L'objectif du projet South Stream était d'alimenter l'Europe en gaz de manière directe, sans passer par le territoire ukrainien, suite aux troubles entre la Russie et l'Ukraine. L'Allemagne, la France et l'Italie faisaient partie de ce projet en tant que partenaires stratégiques du projet South Stream. La société créée pour développer et contrôler cet ambitieux projet avait pour nom South Stream AG. Elle était détenue à 50% par Gazprom, à 20% par le groupe italien ENI, à 15% par le groupe français EDF et les 15% restants étaient détenus par le groupe allemand Wintershall.

Réactions ambivalentes

Au cours d'une visite officielle à Ankara le 1er décembre dernier, Poutine a déclaré avoir été contraint d'abandonner le projet South Stream en partenariat avec l'UE. En revanche, Poutine a annoncé une nouvelle coopération stratégique avec la Turquie. Moscou réduira aussi les prix du gaz pour les consommateurs turcs de 6% à partir du 1er janvier 2015. « Nous sommes également prêts à faciliter le projet d'approvisonnement en gaz conjointement à l'instauration de nos projets en commun à grande échelle », a ajouté Poutine. Il a aussi mis en avant le fait que la Russie est prête à construire un nouveau gazoduc afin de satisfaire la demande en gaz de la Turquie.
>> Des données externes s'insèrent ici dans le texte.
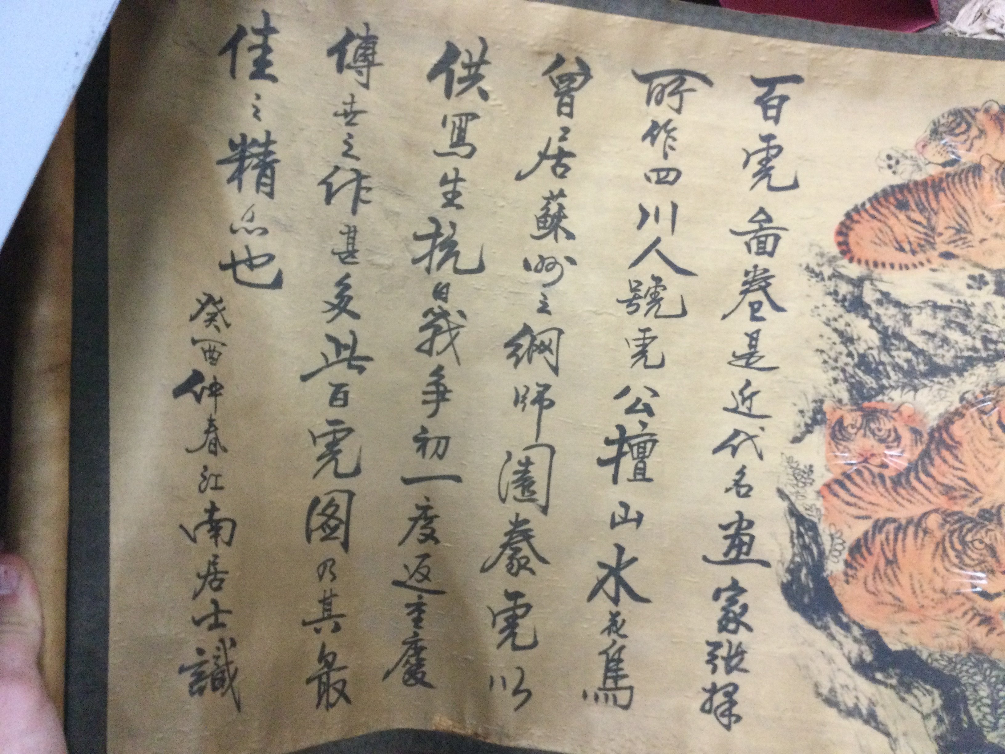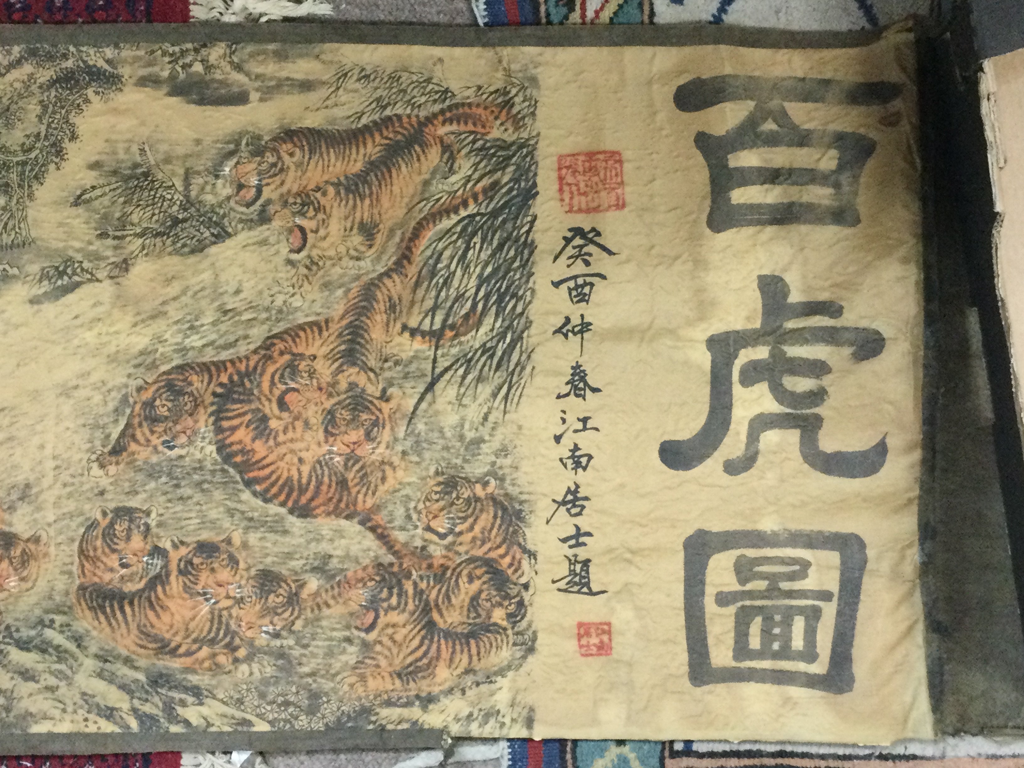 A Tibetan scroll with tiger paintings , Hundred tigers picture. Approximately 4 metres long. Postage category C
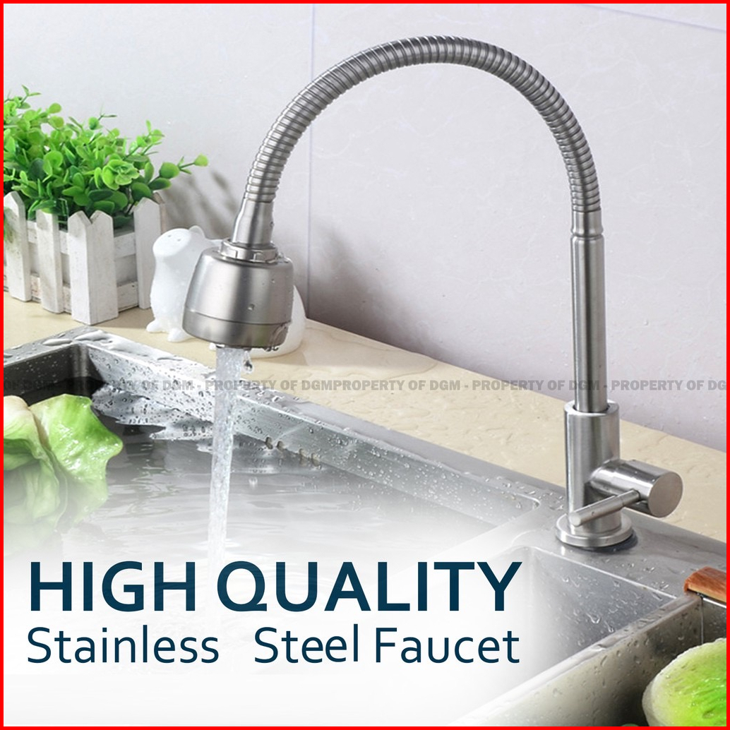 Sus304 Keran Air Angsa Fleksibel 2 Mode - Keran Cuci Piring Angsa - Kran Sink Dapur Drat 1 2 Inc Stainless Kuningan Cuci

Une association très certainement stratégique puisque la frontière entre la Turquie et la Grèce est décisive pour assurer la distribution du gaz dans le sud de l'Europe.

Par ailleurs, le président russe a examiné la possibilité de tensions entre la Bulgarie et l'UE, en soulignant le contrôle de l'UE sur la souveraineté de la Bulgarie et en invitant fortement le gouvernement bulgare à réagir. « Si la Bulgarie est privée de son droit d'agir en tant qu'État souverain, laissez-lui au moins réclamer l'argent qui lui est dû de la part de la Commission européenne pour les revenus non perçus. Les recettes budgétaires directes que la Bulgarie aurait pu touchées du passage du [gazoduc] représenteraient au moins 400 millions d'euros par an », a encouragé Poutine.
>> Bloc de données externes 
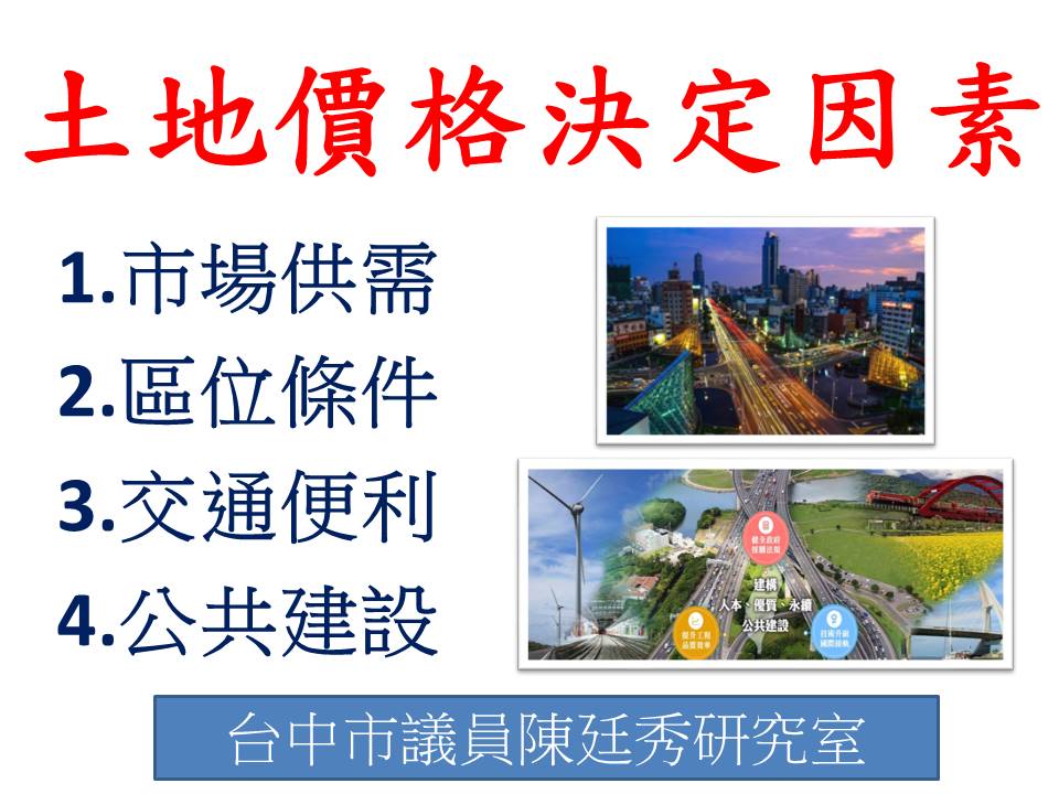 今(16)日台中市議會專案報告質詢上,台中市議員陳廷秀強調都市發展過程房地價一定會隨著上漲,可依據台北市地政局時價登錄統計資訊來做參考標準,由於臺北市各項公共設施、交通便利、地理條件都是最優勢,台北市房價依舊是全台居高不下,台中市房地價急起直追台北市,因為各項公共建設、交通便利性也跟著水漲船高,必然的都市發展過程。

Le Président de la Commission européenne, Jean-Claude Juncker a réagi en déclarant qu'il n'accepterait pas le chantage de la Russie à l'égard des Bulgares. Il a également ajouté que « le gazoduc South Stream pouvait être construit ». Cependant, l'ex-commissaire européen à l'Énergie, Gunther Oettinger, a expliqué que le projet South Stream n'avancerait pas tant que la Russie ne reconnaîtrait pas le nouveau gouvernement de Kiev. Les pays membres de l'Union européenne essayent de réduire leur dépendance vis-à-vis de l'énergie russe. Jérôme Ferrier, Président de l'Union Internationale du Gaz, a cependant annoncé que « l'Europe ne peut pas complètement se passer du gaz russe ».
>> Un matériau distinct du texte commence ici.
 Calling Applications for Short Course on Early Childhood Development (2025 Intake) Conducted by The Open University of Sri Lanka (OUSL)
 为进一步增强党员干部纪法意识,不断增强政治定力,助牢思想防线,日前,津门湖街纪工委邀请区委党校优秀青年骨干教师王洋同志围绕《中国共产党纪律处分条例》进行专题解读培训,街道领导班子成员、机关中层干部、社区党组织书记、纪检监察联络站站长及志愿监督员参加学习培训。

Du point de vue bulgare, le Premier ministre Bojiko Borisov a signalé que la Russie n'avait pas encore fait d'annonce officielle quant à l'annulation du projet. En outre, Borisov a également manifesté la volonté de la Bulgarie ainsi que celle de la Commission de continuer à avancer sur ce projet. Une chose est certaine : la tactique de la Russie pour dégrader les relations au sein de l'UE fonctionne, non seulement à cause du soudain virage vis-à-vis du partenariat commercial avec la Turquie mais aussi à cause du présumé financement de Poutine aux partis européens d'extrême droite.